IAM welcoming in this new year of 2022, a year that I know is a special year for me. Something to do with all the 2’s that for the last couple of years have been very significant for me, guiding me through this crazy life we find ourselves all living in now. After a great quiet Christmas and New Year Tom and I continue to chill, being grateful for everything we have, looking to see what we’d like to do this year and planning what we want to get done at least these next few months.
As usual I asked for a word that I like to have to inspire me as the year goes by. A word that actually came to me last year… Authenticity.
It’s a word I’ve never quite understood. I know what the dictionary says about it… to be genuine, real, pure & true. But when the word popped into my head last year, I really felt it, knew exactly what it meant for me and how it would inspire me to live fully authentic!
It is clear as of this year, my rehearsals are over, the integration of Body, Mind, Spirit & Aspects nearly complete (if it ever truly is?) and a time for me to fully radiate the embodiment of my Sovereign Oneness. The Human having surrendered all to the Divine and is now being led through these end times as everyone clearly chooses their path.

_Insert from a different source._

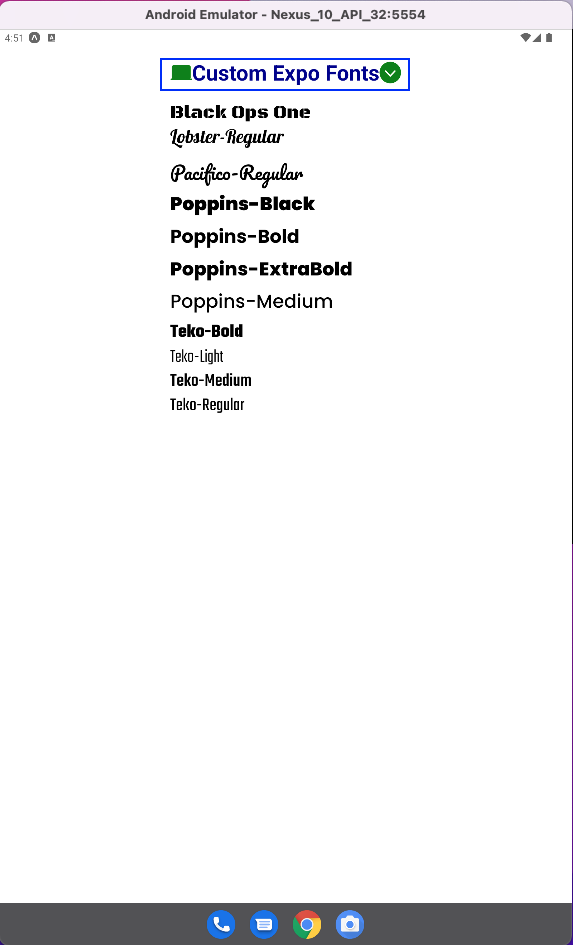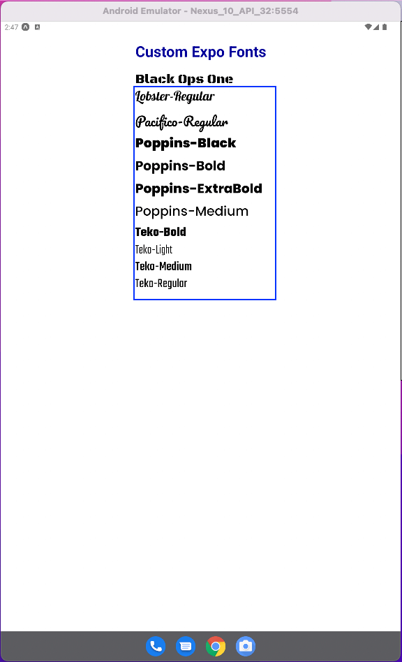 Now we will see all these new fonts in our Android emulator.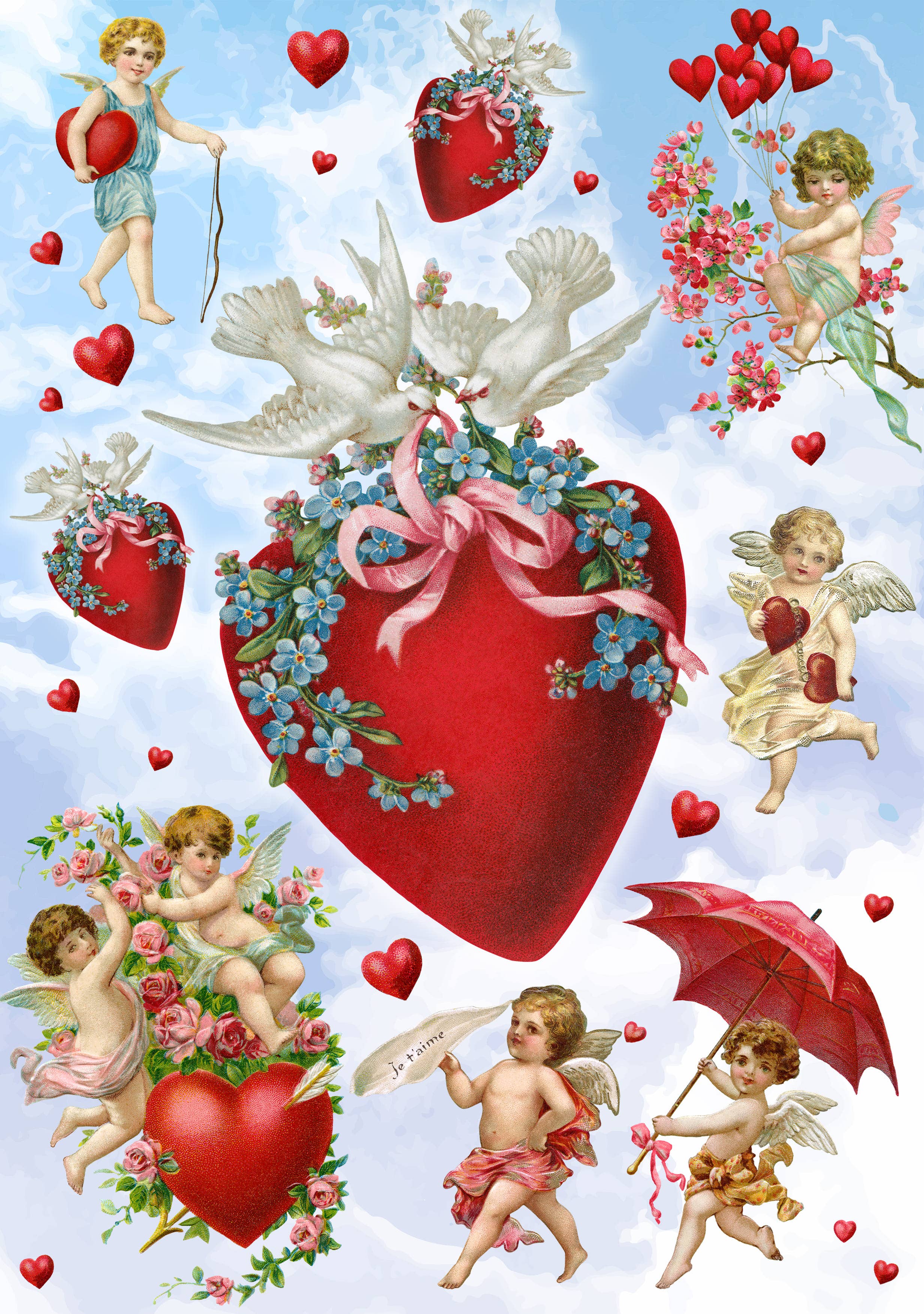 Valentinsdag rispapir til Decoupage Denne fantastiske samling af rispapir er designet af europæisk kunstner og trykt i Italien på håndlavet papir. Vi garanterer den højeste kvalitet af papir og udskrifter. Se vores butik for forskellige rispapirtemaer. Størrelse: A $8.3 „x 11.7" Vægt: 30g/m2

IAM full of confidence, expression and compassion for all who I meet as I walk on the path of NewEarth who is showing herself more and more in the physical realm and I can finally let go of and pull back from people and things that no longer serve me. IAM deeply content and grateful for all that IAM and have, including my own company and solitude at times and the abundance that continues to come in.
I wrote the above during the first week of January, I stopped writing because Tom began feeling unwell and I’ve been nursing him at home and for the last few days in hospital. We managed to celebrate my birthday on 22nd January, we were laughing and happy right up until he passed away in the early hours of 23rd!
I can’t begin to explain all the shock, horror & emptiness I’ve been feeling since! Tom and I had become one very close unit and celebrating 33 wonderful years together this year. So it’s a bit like my whole body has been ripped open and parts taken away! But that’s me!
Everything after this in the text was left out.